10. Namespaces and Imports
10.1 Namespace Declaration
Namespaces organize code and prevent name conflicts.
Syntax:
Namespace ::= 'namespace' Identifier ( '.' Identifier )*
Examples:
// Single namespace
namespace mylib
// Nested namespace (dotted notation)
namespace my.library
namespace company.project.module
Rules:
- A namespace declaration must appear before any imports or top-level declarations
- Only one namespace declaration per file
- If no namespace is declared, a default namespace based on the filename is used
10.2 Import Declaration
Imports make symbols from other namespaces available. Fly supports four import forms, all modelled on Java-style imports.
Syntax:
Import ::= 'import' Name ( '.' Name )* // namespace import
| 'import' Name ( '.' Name )* '.' '*' // wildcard import
| 'import' Name ( '.' Name )* 'as' Name ( '.' Name )* // alias import
10.2.1 Namespace import
Brings the last namespace segment into scope. Access symbols with the segment prefix.
import fly.str // 'str' is in scope
import fly.os.time // 'time' is in scope
void main() {
int n = str.len("hello") // qualified access
Time t = time.now()
}
10.2.2 Class import (Java style)
When the last component of the path names a class (or enum/struct), that type is placed directly in the current scope — no prefix needed.
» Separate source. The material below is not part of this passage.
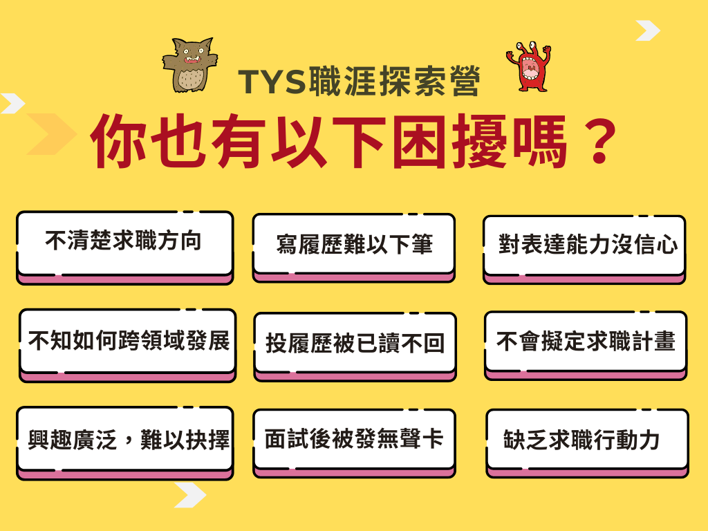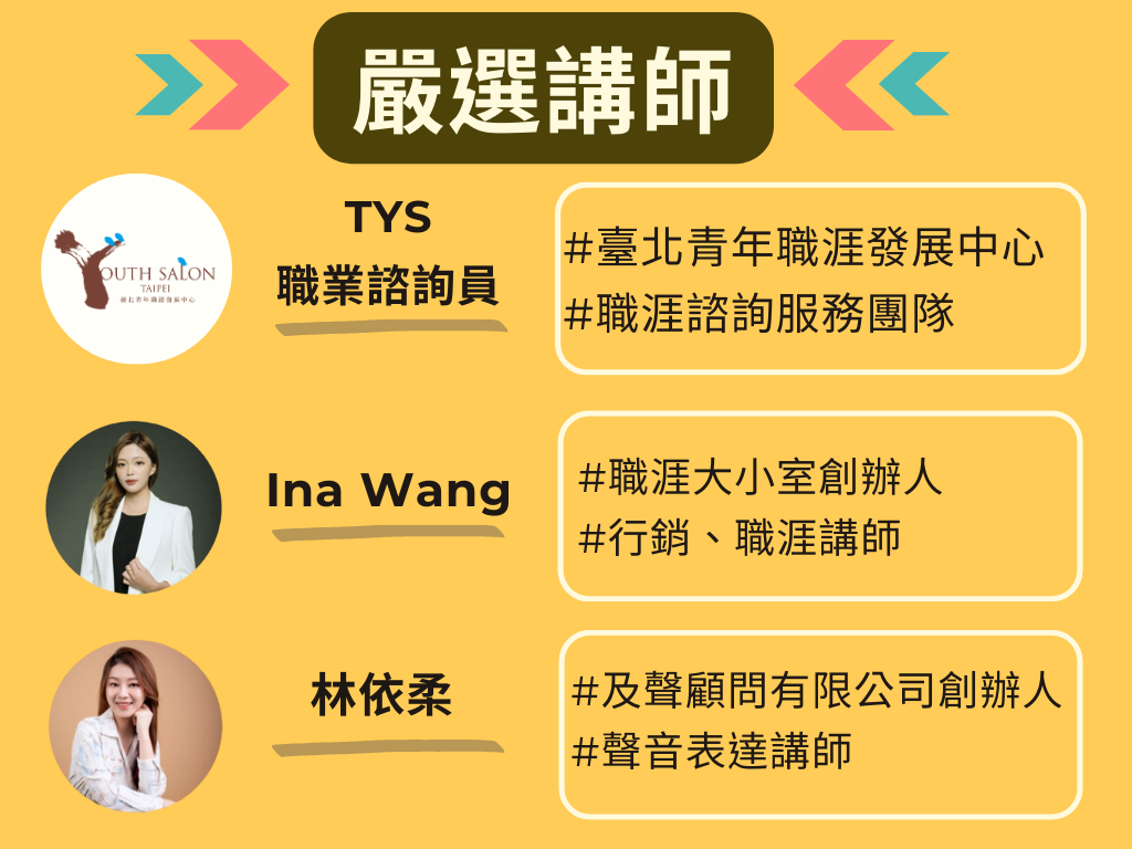 🔸授課講師:TYS職業諮詢員/王怡婷-職涯大小室創辦人/林依柔-及聲顧問有限公司創辦人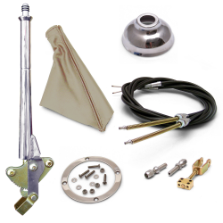 Boot kit includes all you need to dress up your emergency brake handle. Includes a real naugahyde boot, trim ring, chrome cap and mounting hardware.

This is the Fly equivalent of Java's import java.util.List.
import fly.data.List // 'List' class is in scope
import fly.data.Stack // 'Stack' class is in scope
void main() {
List l = new List() // no 'data.' prefix needed
Stack s = new Stack()
l.free()
s.free()
}
There is no coupling between the filename and the class name. The import path navigates the namespace hierarchy; the filename is irrelevant. By convention, stdlib files use the capitalized class name (list.fly → List), but this is optional for user code.
10.2.3 Wildcard import
.* brings all public symbols (classes, enums, structs, functions) declared directly in the target namespace into the current scope. The target must be a namespace — using .* on a class or function is a compile-time error.
import fly.data.* // List, Stack, Queue, Deque, Map, Set, Tree all in scope
void main() {
List l = new List()
Map m = new Map()
l.free()
m.free()
}
// Error: fly.data.List is a class, not a namespace
import fly.data.List.* // → compile error: wildcard requires a namespace target
10.2.4 Alias import
Binds the imported namespace or symbol under a different local name. Cannot be combined with wildcard (.*).
import fly.str as s // 's' is in scope
import fly.data.List as L
void main() {
int n = s.len("hello")
L myList = new L()
myList.free()
}
10.3 Using Imported Symbols
Full example:
// File: shapes.fly
namespace geom
public class Circle {
public int radius
}
public int area(const int r) {
out = r * r
}
// File: main.fly — class import (Java style)
import geom.Circle
void main() {
Circle c = new Circle()
c.radius = 5
// c is a heap-allocated class instance (see §6.6)
}
// File: main.fly — namespace import
import geom
void main() {
geom.Circle c = new geom.Circle()
int a = geom.area(5)
// c is a heap-allocated class instance (see §6.6)
}
// File: main.fly — wildcard import
import geom.*
void main() {
Circle c = new Circle()
int a = area(5) // function in scope too
// c is a heap-allocated class instance (see §6.6)
}
11. Modifiers
11.1 Visibility Modifiers
Control the accessibility of declarations.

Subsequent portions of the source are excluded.